Basically, I'd like to add $n$ random vectors in a 2 dimensional space of unit length and of angle $\theta$ relative to a global axis. The probability density function of the angle $\theta$ is a uniform distribution over the interval $[0..2\pi)$. I've come to the equation to find the following vector sum for $n$ vectors:
$$ d=\sqrt{(\sum_{i=1}^{n}{\sin(\theta_i)})^2+(\sum_{i=1}^{n}\cos(\theta_i))^2} $$
Where might I go from here to find the probability distribution of $d$? I'm mostly curious about probability distribution of $d$ in the case where $n \rightarrow \infty$.
Thanks!
Note that $D_n=|Z_1+\cdots+Z_n|$ where $Z_k=\mathrm e^{\mathrm i\Theta_k}$ and the random variables $(\Theta_k)$ are i.i.d. and uniform on $[0,1]$. The increments $Z_k$ are centered hence the central limit theorem implies that $(Z_1+\cdots+Z_n)/\sqrt{n}$ converges in distribution to a centered complex normal random variable $U+\mathrm iV$ of covariance matrix $\Sigma=\mathrm{Cov}(\Re Z_1,\Im Z_1)$, that is, $\Sigma=\mathrm{Cov}(\cos\Theta_1,\sin\Theta_1)$.
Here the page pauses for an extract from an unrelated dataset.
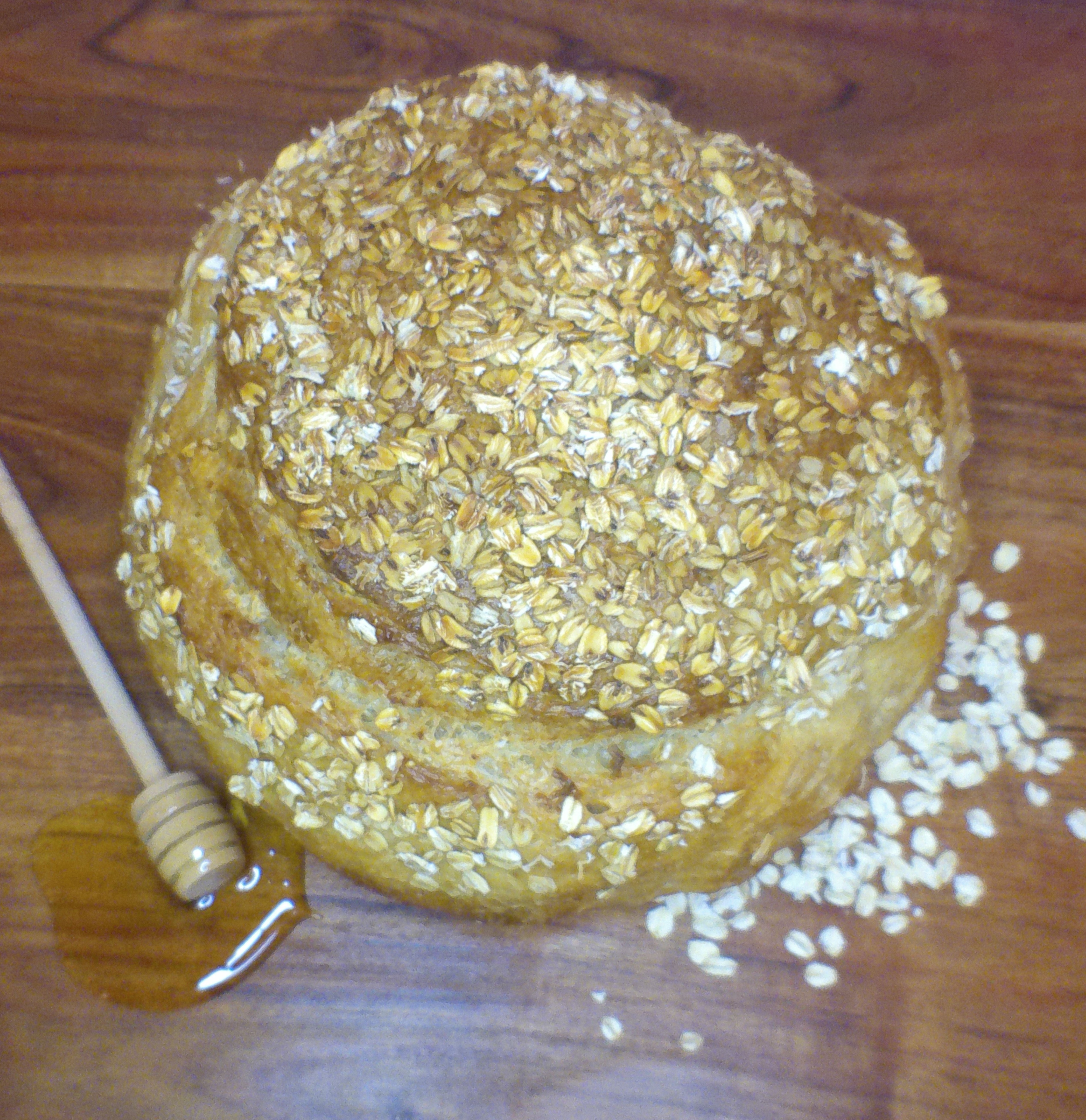 Enjoy the wholesome goodness of our Honey Oat Sourdough. This loaf is lightly sweetened with honey and sprinkled with oats, making it a perfect choice for breakfast or a snack.

Now $E(\cos^2\Theta_1)=E(\sin^2\Theta_1)=\frac12$ and $E(\cos\Theta_1\sin\Theta_1)=0$ hence $\Sigma=\frac12I$, that is, $U^2+V^2=\frac12(X^2+Y^2)$ where $(X,Y)$ is i.i.d. standard normal.
In particular, $D_n/\sqrt{n}\to W$ in distribution, where $W=\sqrt{\frac12(X^2+Y^2)}$. The distribution of $W$ is called a $\chi$ distribution and its density is $w\mathrm e^{-w^2/2}$ on $w\geqslant0$. Thus, the complementary CDF of $W$ is such that $P(W\gt w)=\mathrm e^{-w^2/2}$ for every $w\geqslant0$. Finally, $W=\sqrt{-2\log \Xi}$ where $\Xi$ is uniform on $[0,1]$.